I've been seeing portscans hitting my box after no more than 2 minutes after going online with it. I have my network stack tuned to 'play dead' on the common portscan traffic, thus making it pretty pointless to portscan my box, but I was seeing that traffic coming in over a long time. Either the crackers are pretty brain-dead, or it's actually an automated scan from infected boxen elsewhere (as already pointed out above). Biggest problem for me is that traffic keeps my modem awake.
If you can extract the source IP address from the traffic, some fun can be had using the IpLocator.

cheers,
-- fish

[egibbs]

You can also try connecting to the box using http, ftp, telnet, etc. Http usually brings up the default IIS "Insert your web page here" page, meaning the owner is running an internet server they know nothing about.

If you get in with telnet or ftp you can leave a file on their desktop telling them they are owned, and what to do about it. But that gets pretty boring after the first couple hundred, and even if you leave detailed instructions most of the time they are too clueless to follow them.

The solution is simple - ISPs should have a responsibility to shut off access for any box running a port scan, unless there is a [censored] good reason for it. Then they should contact the owner, tell them what the problem is, and work with them to clean the box and patch/firewall it. But that would cost a ton of money.

Ed Gibbs

[leoblob]

Wow! Very sad/interesting.

Question: Prior to installing WIN2K with Zone Alarm, I had been running WIN98SE (via dial-up) without Zone Alarm, for years, but never got any malware (I have Ad Aware free to check with). Was I just lucky, or is there something about WIN98SE that makes it less of a target??

[carbon_unit]

Win 98 is somewhat less of a target than win XP. Only because there is less of it out there on the internet.

[Toe]

The business I work at, we try very hard to prevent Spyware and the like getting in. But no matter what we do, some machine gets infected about once or twice a week. It's a pain in my [censored].


-Toe

[Kenn]

The business I work at, we try very hard to prevent Spyware and the like getting in. But no matter what we do, some machine gets infected about once or twice a week. It's a pain in my [censored].


-Toe

It's hard to prevent any when you have users who like to click "OK"

[BigWarpGuy]

Would one be safer if ones computer did not run Windows (any version)? I use eComStation on my desktop computer.

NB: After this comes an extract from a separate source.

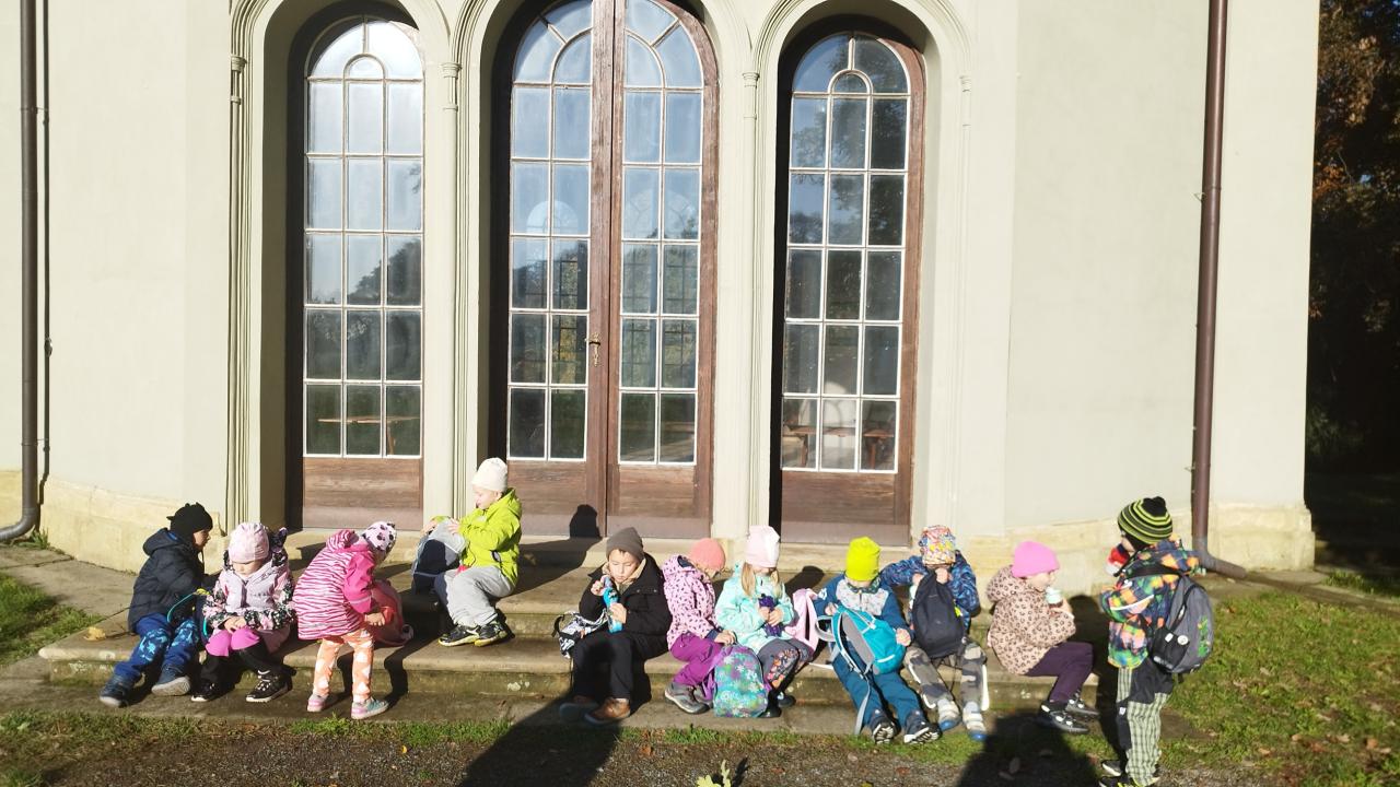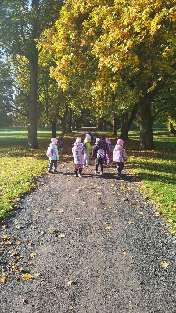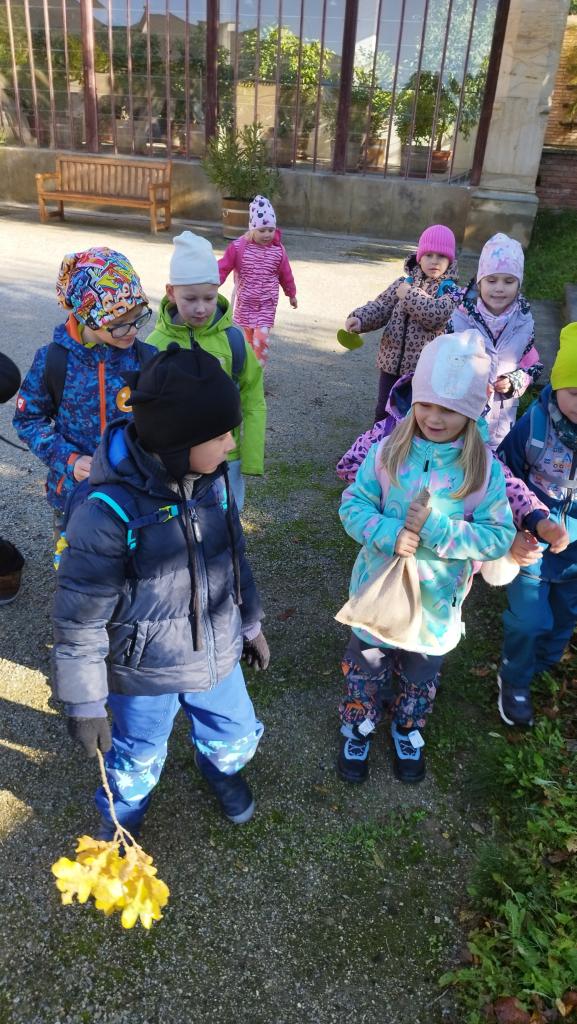 Dne 15.10.2024 navštívily děti zámecký park v Čechách pod Kosířem. V parku sledovaly podzimní proměnu přírody a hledaly ukrytý poklad skřítka Podzimníčka.

http://www.ecomstation.com

[egibbs]

Regarding the questions about Win98, ECS, etc.

The real key is not the OS, but what services you are running and whether you have all the patches installed.

If you are not running any services, or if whaterver services you are running are not vulnerable to attack, then you really don't even need a firewall. The problem is many people have no idea that they are running a web server (installed by default in Win 2003 server), UP&P server, mail server, FTP server, etc., because many of these are installed by default or turned on by other software. And many, many people still don't install patches in a timely manner.

Win 98 installs many fewer services by default than XP, 2003, etc., and it's less of a target because the user base is smaller. If you have a fully patched Win 98 you should be safe, as you would be with a fully patched XP - providing of course that you don't do anything stupid like clicking ok to install spyware, opening a virus, etc.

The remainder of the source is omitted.